### Data section
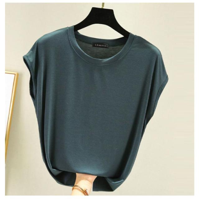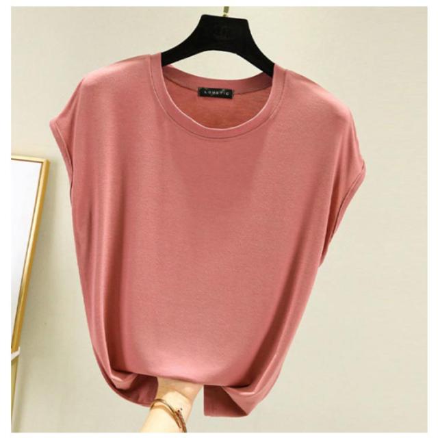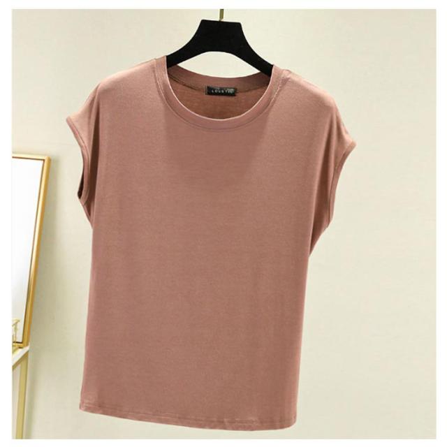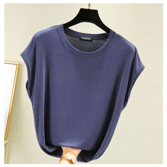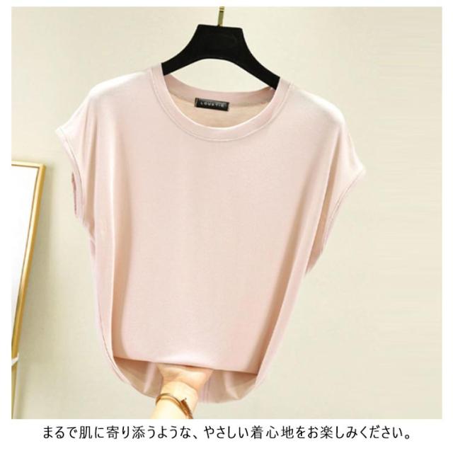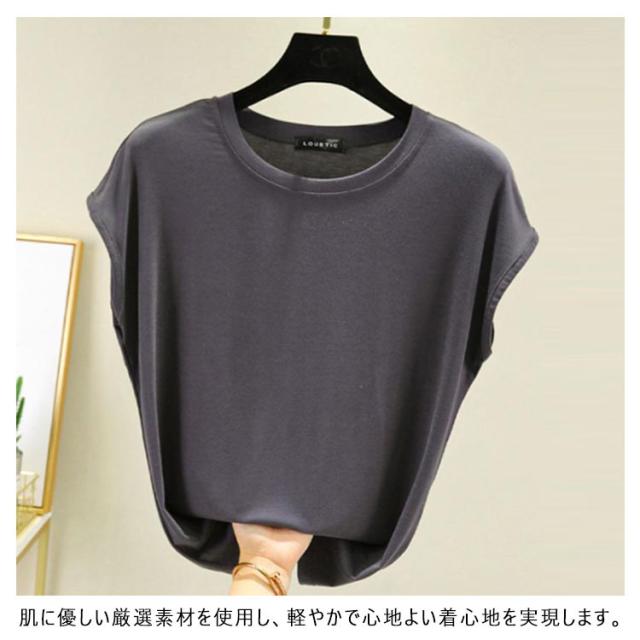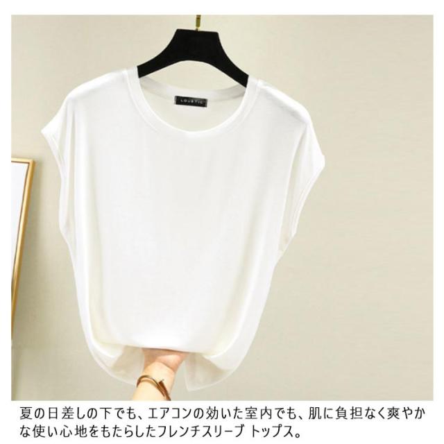 二の腕カバー 半袖 フレンチスリーブ 涼しい カジュアル 着痩せ 無地 M-2XL 夏 レディース 着回し 春 Tシャツ Uネック ラウンドネック トップス ルームウェア シンプル 部屋着 カットソー 着痩せ 柔らか 通気 M-2XL カジュアル
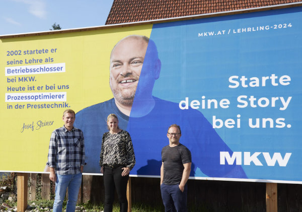 Auch die MKW Holding GmbH mit Sitz in Oberösterreich setzt aktuell auf Plakatwerbung bei der Suche nach Lehrlingen. Eine Kampagne unter der Federführung der Kreativ-Agentur Werbe ID zeigt die Porträts echter Mitarbeiter:innen, die einmal als Lehrling im Unternehmen begonnen haben. Die individuellen Karrierewege werden kurz dargestellt, eine Unterschrift der abgebildeten Person sorgt für noch mehr Authentizität. Ergänzt wird das Sujet mit dem Claim "Starte deine Story bei uns", der Interessent:innen dazu auffordert, ihre berufliche Karriere bei MKW zu beginnen.
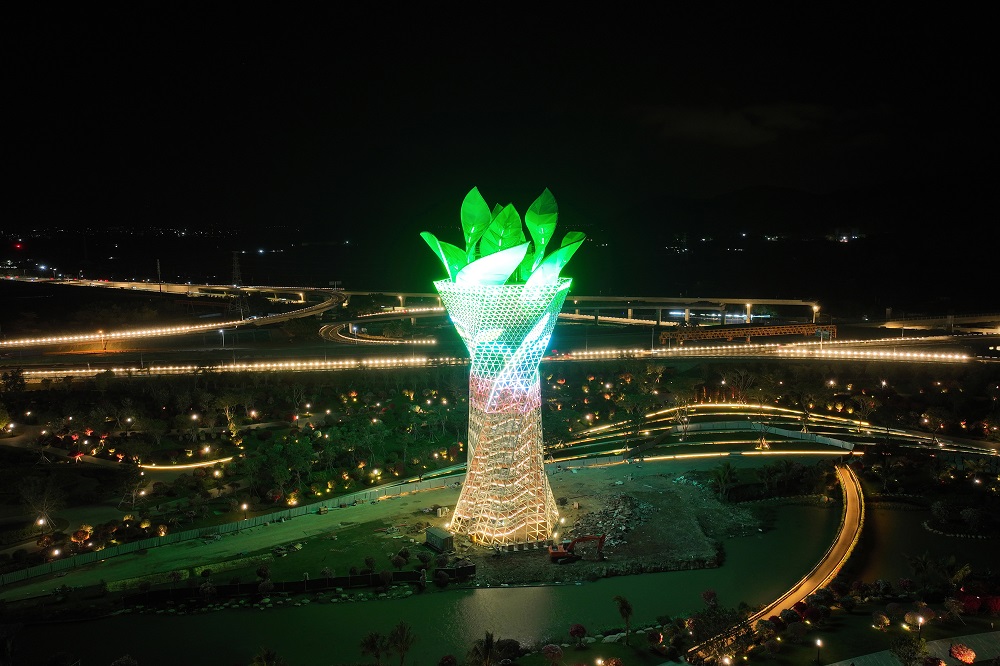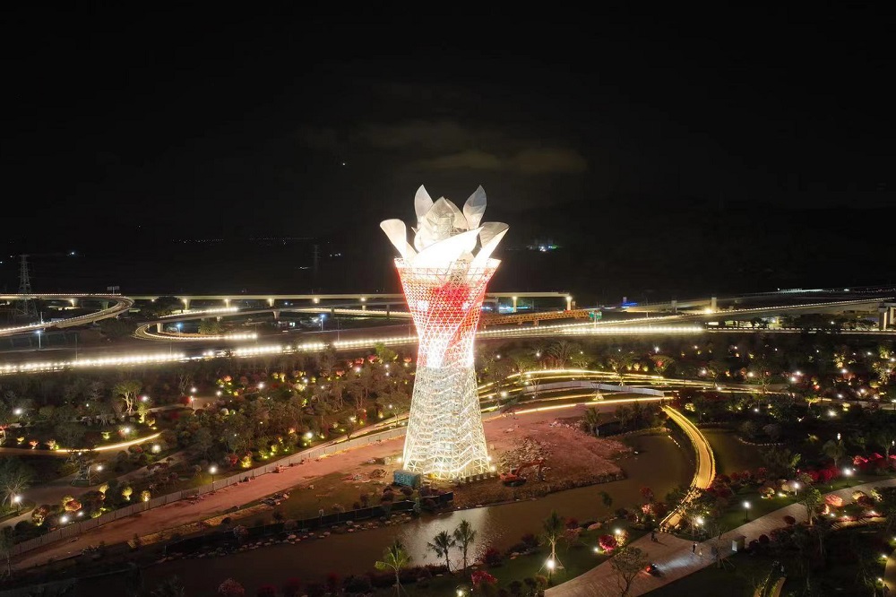 与此同时,三角梅采用动态旋转雕塑,造型似手捧花束,单个叶片采用异性空间桁架结构。与传统碳钢和铝合金材料相比,使用QD2001不锈钢可有效降低结构节点连接难度,提高全生命周期使用寿命且造价更低、安全性更强,非常适合异性曲面造型。

### What to work on
Take the listing and print it again exactly, but without any pictures.

### Expected answer
 二の腕カバー 半袖 フレンチスリーブ 涼しい カジュアル 着痩せ 無地 M-2XL 夏 レディース 着回し 春 Tシャツ Uネック ラウンドネック トップス ルームウェア シンプル 部屋着 カットソー 着痩せ 柔らか 通気 M-2XL カジュアル
 Auch die MKW Holding GmbH mit Sitz in Oberösterreich setzt aktuell auf Plakatwerbung bei der Suche nach Lehrlingen. Eine Kampagne unter der Federführung der Kreativ-Agentur Werbe ID zeigt die Porträts echter Mitarbeiter:innen, die einmal als Lehrling im Unternehmen begonnen haben. Die individuellen Karrierewege werden kurz dargestellt, eine Unterschrift der abgebildeten Person sorgt für noch mehr Authentizität. Ergänzt wird das Sujet mit dem Claim "Starte deine Story bei uns", der Interessent:innen dazu auffordert, ihre berufliche Karriere bei MKW zu beginnen.
 与此同时,三角梅采用动态旋转雕塑,造型似手捧花束,单个叶片采用异性空间桁架结构。与传统碳钢和铝合金材料相比,使用QD2001不锈钢可有效降低结构节点连接难度,提高全生命周期使用寿命且造价更低、安全性更强,非常适合异性曲面造型。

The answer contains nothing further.